Inventors: Gupta; Aarti; (Princeton, NJ) ; Balakrishnan; Gogul; (Princeton, NJ) ; Ivancic; Franjo; (Princeton, NJ) ; Xiao; Xusheng; (Raleigh, NC)
Applicant:
Name City State Country Type

NEC Laboratories America, Inc.

Princeton

NJ

US
Assignee: NEC Laboratories America, Inc.
Princeton
NJ

Family ID: 51570131
Appl. No.: 14/199036
Filed: March 6, 2014

Related U.S. Patent Documents

Application Number Filing Date Patent Number
61803697 Mar 20, 2013

Current U.S. Class: 717/132 ; 717/131
Current CPC Class: G06F 11/3608 20130101; G06F 11/3624 20130101; G06F 8/433 20130101
Class at Publication: 717/132 ; 717/131
International Class: G06F 11/36 20060101 G06F011/36

Claims



1. A method of software program analysis comprising the steps of: by a computer: automatically generating an abstract representation (ARC++) of a C++ program that captures lifetimes of objects in the program; performing a lifetime dependency analysis that tracks dependency relationships between lifetimes of different objects to discover bugs; outputting an indicia of those bugs.
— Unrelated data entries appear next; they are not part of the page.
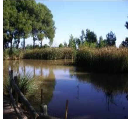
La réserve naturelle derrière l'hôtel

Toute reproduction est interdite sans notre accord.
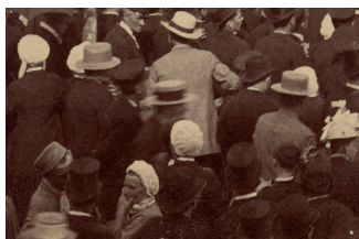
Cérémonie d'inauguration du monument à Godin sur la place du Familistère.
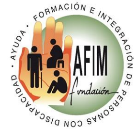
Fundación AFIM Salamanca
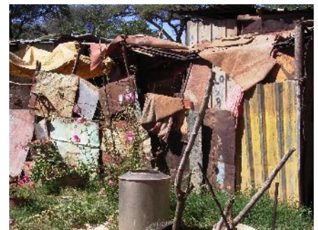
Eine Unterkunft in Dordabis

beitslosigkeit und deren Auswirkungen geprägt. Dordabis ist Namibia im Kleinen. Die Kluft zwischen Arm und Reich, die auf nationaler Ebene für Schlagzeilen sorgt und Namibia einen traurig berühmten Platz in der Umverteilungsskala beschert, ist auch in Dordabis und Umgebung zu beobachten. Die großen Farmen um Dordabis herum kontrastieren durch ihre Größe und ihre Infrastruktur mit der kleinen Fläche, auf der die 1000 Einwohner von Dordabis ihr Leben verbringen, ohne Zugang zu Wasser, Land und Strom, ohne Arbeitsmöglichkeiten und ohne sicheres Einkommen. Dordabis Probleme sind zu gewaltig, um im Rahmen einer Partnerschaft auf Gemeindeebene gelöst zu werden. Was hier dringend benötigt wird, ist eine systemische und strukturelle Intervention, die nachhaltige Lösungen zu folgenden Problemen bringt: Zugang zu Land, Wasser und Ausbildungsmöglichkeiten in der Landwirtschaft, für diejenigen, die in diesem Sektor tätig werden wollen, sagte einer unserer Gesprächspartner.
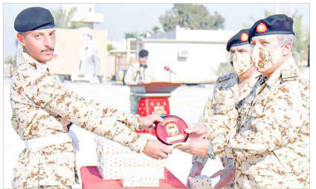
المنامة - بنا

أقيم بإحدى وحدات قوة دفاع البحرين صباح أمس، حفل تخريج دورة للأفراد المستجدين بحضور مساعد رئيس هيئة الأركان للقوى البشرية اللواء الركن الشيخ علي بن راشد آل خليفة. واستهل الحفل بتلاوة آيات عطرة من الذكر الحكيم بعدها أقيمت كلمة بهذه المناسبة، وقدم إيجازاً عن الدورة وما اشتملت عليه من مراحل تدريبية ومواد نظرية عسكرية، بعدها قدم الخريجون عرضاً عسكرياً ميدانياً للمشاة.
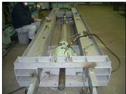
スリップフォーム工法用ジャッキ 支持ロッド強度実験
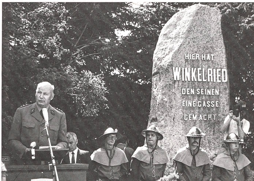
601. Gedenkfeier der Schlacht bei Sempach

● Eine weitere, grundlegende Grundbedingung der Moral liegt in der festen Überzeugung beider Teile, dass die geistigen und materiellen Güter, die es zu erhalten gilt, einen hohen Einsatz lohnen und dass die Güte unserer eigenen Sache einen entschlossenen Abwehrkampf wert ist. Hier fällt unsere ganze Umwelt in die Waagschale: unser Heimatland mit seinen Schönheiten, unser demokratischer Sozialstaat, unsere Kirchen, unser persönlicher Lebensraum, unsere Familien und schliesslich auch unser eigener Besitztum. Wo diese Werte nicht anerkannt sind und nicht gewürdigt werden und wo das Bewusstsein, mit ihrer Erhaltung schützenswerte Lebensbedingungen sicherzustellen , nicht vorhanden ist, kann sich eine tragfähige Abwehrmoral nicht bilden. In der Bewahrung aller dieser Werte liegt ein bedeutender Teil unserer Moralpflege. – Das Wort Bert Brechts «zuerst kommt das Fressen, dann die Moral» mag für das Dreigroschenvolk richtig sein, für den Soldaten gilt es jedoch nicht.
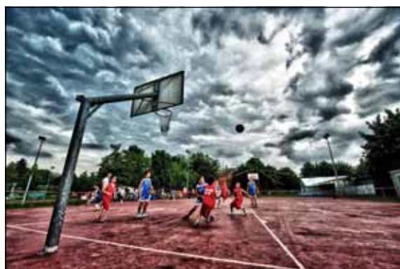
WALTER TURCATO - GFSP 3° - Punti 37

2. The method of claim 1 wherein said ARC++ representation models C++ objects along with any new containers and/or pointers introduced by standard libraries utilized by the C++ program.

3. The method of claim 2 wherein said ARC++ representation makes object creation/destruction, usage, lifetime, and pointer operations explicit in the abstract model thereby providing a basis for static analysis of the C++ program.

4. The method of claim 1 further comprising the step of utilizing a lifetime dependency graph that captures a lifetime relationship between objects such that stale objects are discovered.

5. The method of claim 1 further comprising performing a typestate analysis such that bug patterns are specified as typestate automata over the ARC++ representation.

6. The method of claim 1 further comprising use of access path clusters in an abstract interpretation framework to capture aliasing between objects in the program.

7. The method of claim 1 wherein lifetime dependencies are tracked for temporary objects.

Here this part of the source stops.